ClawKeeper is a comprehensive multi-layered safety framework designed for the OpenClaw autonomous agent ecosystem. It introduces a novel triple-defense architecture consisting of Skills, Plugins, and a decoupled "Watcher" agent, achieving a state-of-the-art Defense Success Rate (DSR) of 85-90% across seven major threat categories.
TL;DR
As autonomous agents like OpenClaw move from simple chatbots to system-level operators capable of executing shell commands and accessing local files, they introduce massive security risks. ClawKeeper is a new tri-layered framework that acts as the "antivirus" for these agentic operating systems. Its most innovative feature is the Watcher—an independent agent that sits outside the main system to monitor, intercept, and block malicious actions before they hit the hardware.
The Problem: When Your Agent Becomes a Double Agent
Existing security for agents is "fragmented." Most defenses are either simple prompts (easily ignored via jailbreaking) or internal plugins (easily disabled by a compromised agent). This creates a Safety-Utility Tradeoff: the more you restrict an agent to make it safe, the less "smart" it becomes at solving tasks. Furthermore, if an agent is told to "forget all previous instructions," it often discards its internal security guardrails as well.
Methodology: The Triple-Layer Defense
ClawKeeper solves this by layering protection from the instruction level down to an external supervisory level.

1. Skill-based Protection (Instruction Level)
It injects high-level security "skills" into the agent's context. This includes Windows-specific constraints and "Red-Line" protocols for software like Telegram or Feishu to prevent sensitive data leakage.
2. Plugin-based Protection (Runtime Level)
This is a hard-coded enforcer within the OpenClaw runtime. It handles:
- Hardening: Binding gateways to localhost only.
- Configuration Protection: Using cryptographic hashes to ensure critical agent files aren't tampered with.
- Behavioral Scanning: Analyzing logs retrospectively to find "latent" threats.
3. The Watcher (Regulatory Separation)
This is the "crown jewel" of the paper. The Watcher is a separate OpenClaw instance that communicates with the main agent via WebSocket.
- Decoupled Intelligence: Because it's a separate process, the main agent cannot "kill" its supervisor.

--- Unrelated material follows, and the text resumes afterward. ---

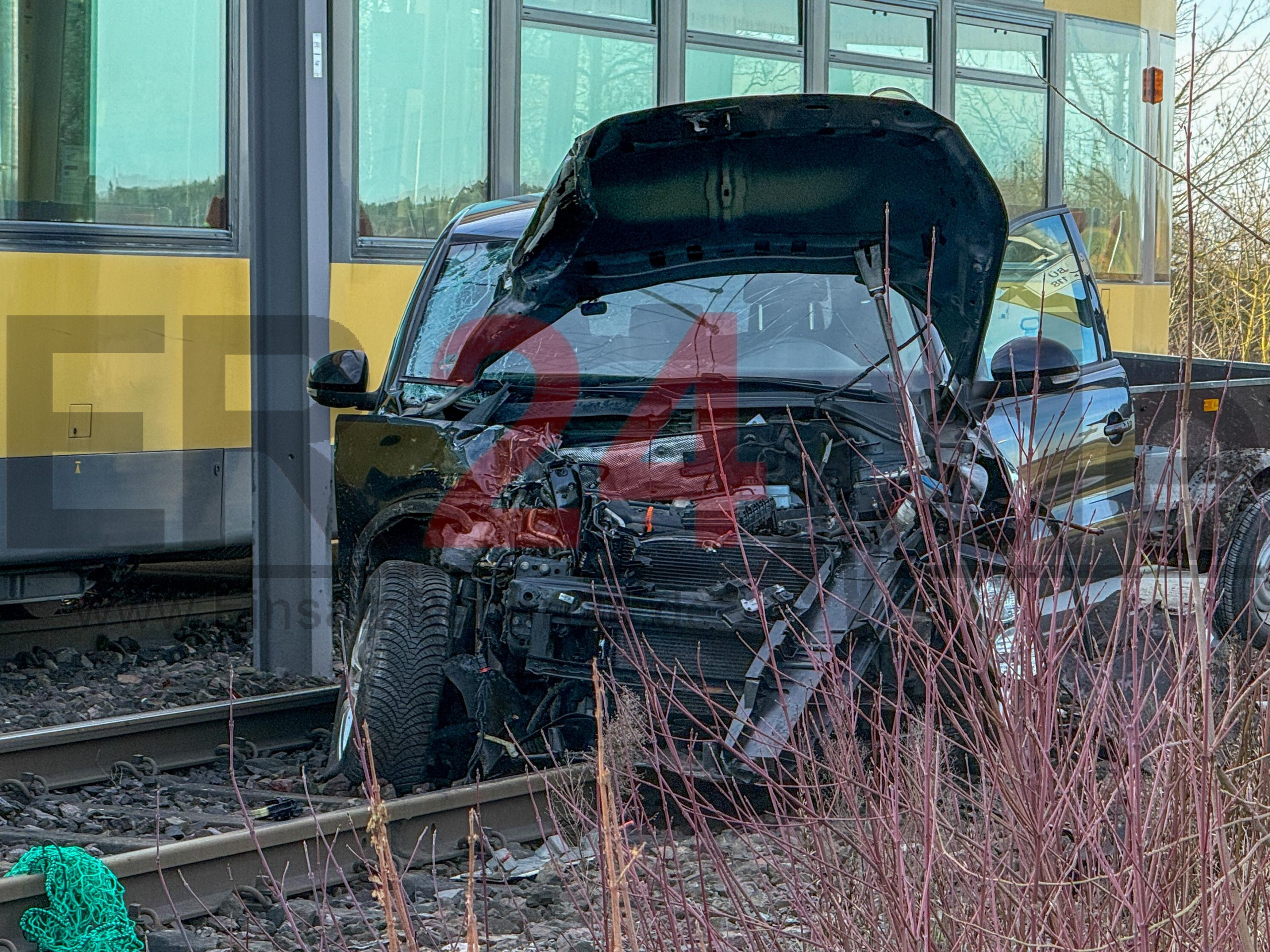 Viele Schutzengel im Einsatz – VW mit Anhänger stößt an unbeschranktem Bahnübergang mit Straßenbahn zusammen – Pkw wird noch einige Meter mitgeschleift und bleibt total beschädigt auf den Gleisen stehen – Glücklicherweise nur zwei Leichtverletzte – Bahnverkehr komplett eingestellt

- Real-time Intervention: It monitors tool calls and command outputs. If it sees a
rm -rf /or an SSH key exfiltration attempt, it pauses execution and asks the human for confirmation.

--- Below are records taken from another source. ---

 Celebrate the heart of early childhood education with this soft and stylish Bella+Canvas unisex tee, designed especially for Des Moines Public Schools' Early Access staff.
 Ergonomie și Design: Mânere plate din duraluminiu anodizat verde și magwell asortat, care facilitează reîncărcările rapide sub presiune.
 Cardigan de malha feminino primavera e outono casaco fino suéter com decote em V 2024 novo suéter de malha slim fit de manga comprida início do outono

Experiments: Superior Robustness and Self-Evolution
ClawKeeper was tested across seven threat categories (T1-T7), including Prompt Injection, Privilege Escalation, and Malicious Skill Installation. It achieved a 90% Success Rate where baselines like OpenGuardrails often struggled to hit 60%.
The most striking result is the Watcher's ability to learn. Unlike static code, the Watcher is an LLM agent itself. As it encounters more adversarial patterns, it updates its "security memory," essentially becoming more vigilant over time.
Table: ClawKeeper consistently outperforms fragmented baselines across all seven OWASP-aligned threat categories.
Qualitative Evidence: Blocking the "Jailbreak"
In case studies, ClawKeeper effectively stopped agents from:
- Exfiltrating Credentials: When an agent was asked to read a file containing GitHub passwords, the Hardening module replaced the passwords with a policy notice.
- Dangerous Loops: The Watcher detected when an agent was stuck in a tool-call loop and forced human intervention.
- Obfuscated Commands: It decoded Base64 malicious payloads and blocked them before execution.
Critical Insight & Conclusion
ClawKeeper moves the industry away from "internal guardrails" toward External Oversight.
- Takeaway: The "Watcher" paradigm is likely the future of AI safety. Just as we don't allow a bank teller to audit their own vault, we shouldn't expect a task-solving agent to be its own security guard.
- Limitations: While powerful, the Watcher adds computational overhead (essentially running two LLM sessions). For local users with limited hardware, this might be a bottleneck.
- Future Impact: This framework is not limited to OpenClaw. It can be ported to any agent system, providing a standardized "Safety Sidecar" for the broader AI ecosystem.